Biko is a delightful treat that shines in any meal, inviting a medley of flavors and textures to the table.

  • Sweet Mangos: The juicy sweetness of ripe mangos perfectly complements the creamy richness of Biko, balancing every bite with a fresh burst of flavor.
  • Coconut Flan: This silky dessert adds another layer of creaminess, creating a wonderfully indulgent feast that echoes the coconut theme of Biko.
  • Fruit Salad: A vibrant medley of tropical fruits offers a refreshing and colorful contrast, enhancing the experience with its zesty acidity.
  • Chai Tea: The warm spices and creamy texture of chai elevate the sweetness of Biko, creating a cozy drink to sip alongside this classic dessert.
  • Peanut Butter Cookies: For a fun twist, these cookies bring a crunchy texture that pairs deliciously with the chewy Biko, making every bite an adventure.
  • Grilled Pineapple Slices: The caramelization enhances the fruit s natural sweetness, creating a wonderful complement to the rich flavors of the rice cake.
  • Coconut Light Sorbet: A cool and refreshing dessert option that mirrors the coconut notes in Biko, providing a light finish after this rich indulgence.
  • Cultural Bilao Platter: Serve your Biko on a beautiful bamboo tray with banana leaves for an authentic touch that celebrates its Filipino roots while enhancing the presentation.

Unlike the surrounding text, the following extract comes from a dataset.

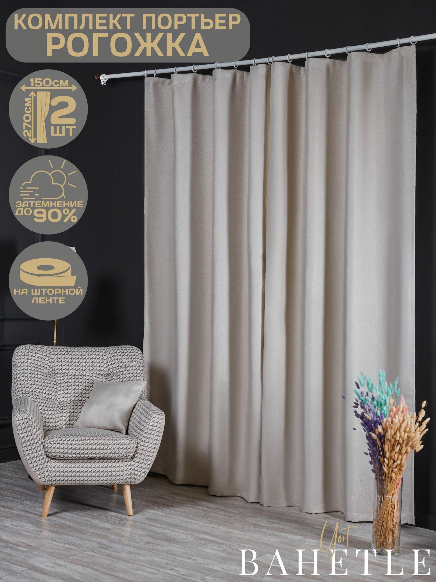 Комплект штор Bahetle из Рогожки 150х250 см 2 шт на ленте, готовые однотонные портьеры димаут от солнца для спальни, детской, дачи, гостиной бежевые

Expert Tips for Biko Recipe

  • Perfect Rice Texture: Ensure you do not overcook the glutinous rice during the initial simmer; it should remain slightly chalky in the center for the best absorption of syrup.
  • Check Oven Cues: Every oven is different, so keep an eye on visual cues like bubbling and color change to determine when your Biko is perfectly caramelized.
  • Syrup Consistency: If you re worried about the syrup caramelizing too fast, lower the heat and stir continuously to achieve that rich flavor without burning.
  • Flavor Variations: Experiment by using coconut sugar instead of dark brown sugar for a unique twist on your Biko recipe that still embraces authentic flavors.
  • Serving Tips: For a delightful touch, serve your Biko on a traditional bilao lined with banana leaves. It adds a cultural flair and is perfect for sharing!

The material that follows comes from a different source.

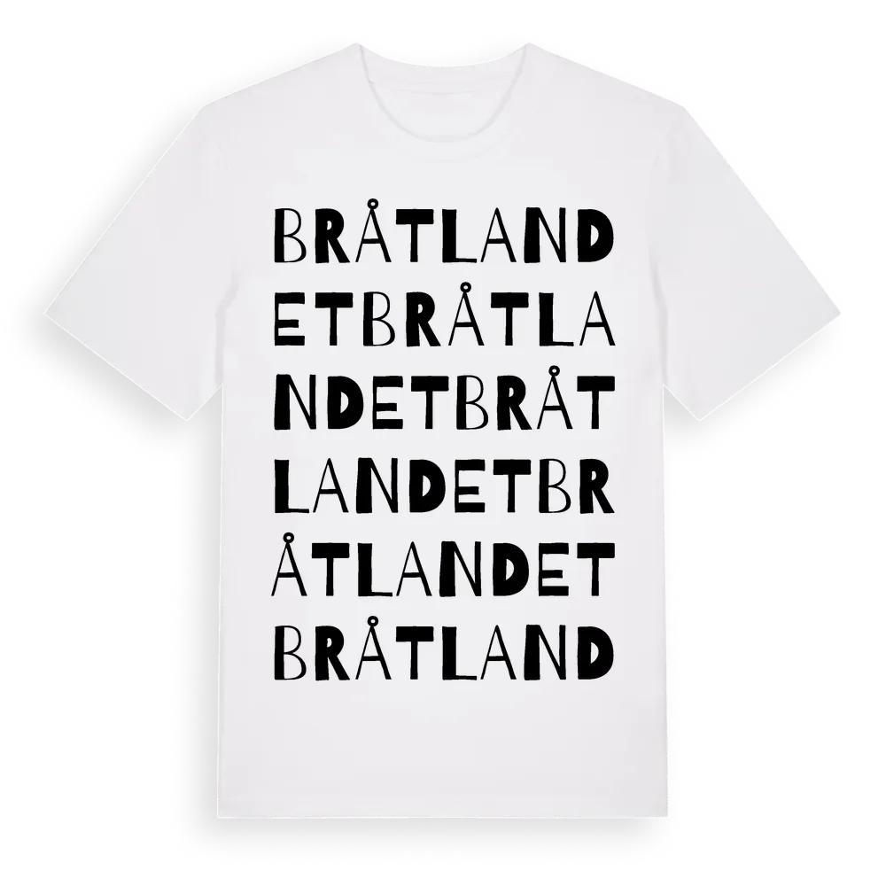 Bråtlandet ordlek t-shirt är inspirerad av Bråtlandet i Kalmar län, Sverige. Tröjan är designad för dig som har en speciell koppling till platsen – oavsett om du bor här, har rötterna här eller bara älskar Bråtlandet.

Biko (Filipino Sticky Rice Cake) Recipe FAQs

What kind of glutinous rice should I use for Biko?
You should use glutinous rice specifically labeled for desserts, often found in Asian grocery stores. Make sure to wash and drain it thoroughly before cooking to ensure the right texture. Look for rice that is pearly and somewhat opaque for optimal results.

How long can I store Biko, and what s the best method?
You can store Biko at room temperature in an airtight container for up to 1 day. For longer storage, transfer it to the refrigerator for up to 3 days. Make sure to cover it to prevent it from drying out. If you want to keep it longer, freeze it (instructions below).

Can I freeze Biko, and how should I do it?
Absolutely! To freeze Biko, wrap individual squares tightly in plastic wrap, ensuring there is no air exposure, which helps retain moisture. Then place them in a freezer-safe bag or container. Biko can be frozen for up to 2 months. When ready to enjoy, reheat in the oven at 350 °F (180 °C) for about 10-15 minutes until warmed through.

My Biko turned out too dry. What could have gone wrong?
If Biko seems too dry, it may be due to over-baking or insufficient moisture during the cooking process. Ensure the rice is only partially cooked before combining with the syrup, and always keep an eye on its baking time. A bubbling surface but not overly firm texture is your guide.

Is Biko suitable for people with dietary restrictions?
Yes, Biko is naturally gluten-free since it s made with glutinous rice, making it a wonderful dessert for those with gluten sensitivities. However, it s still essential to check the labels on your ingredients (especially the coconut milk) for any allergens. Always inform your guests of the ingredients used!

Can I add more toppings to my Biko?
The more, the merrier! You can absolutely enhance your Biko with toppings such as shredded coconut, chopped nuts, or even fruits like mango or jackfruit for a delightful twist. Experiment and find a combination that suits your taste buds!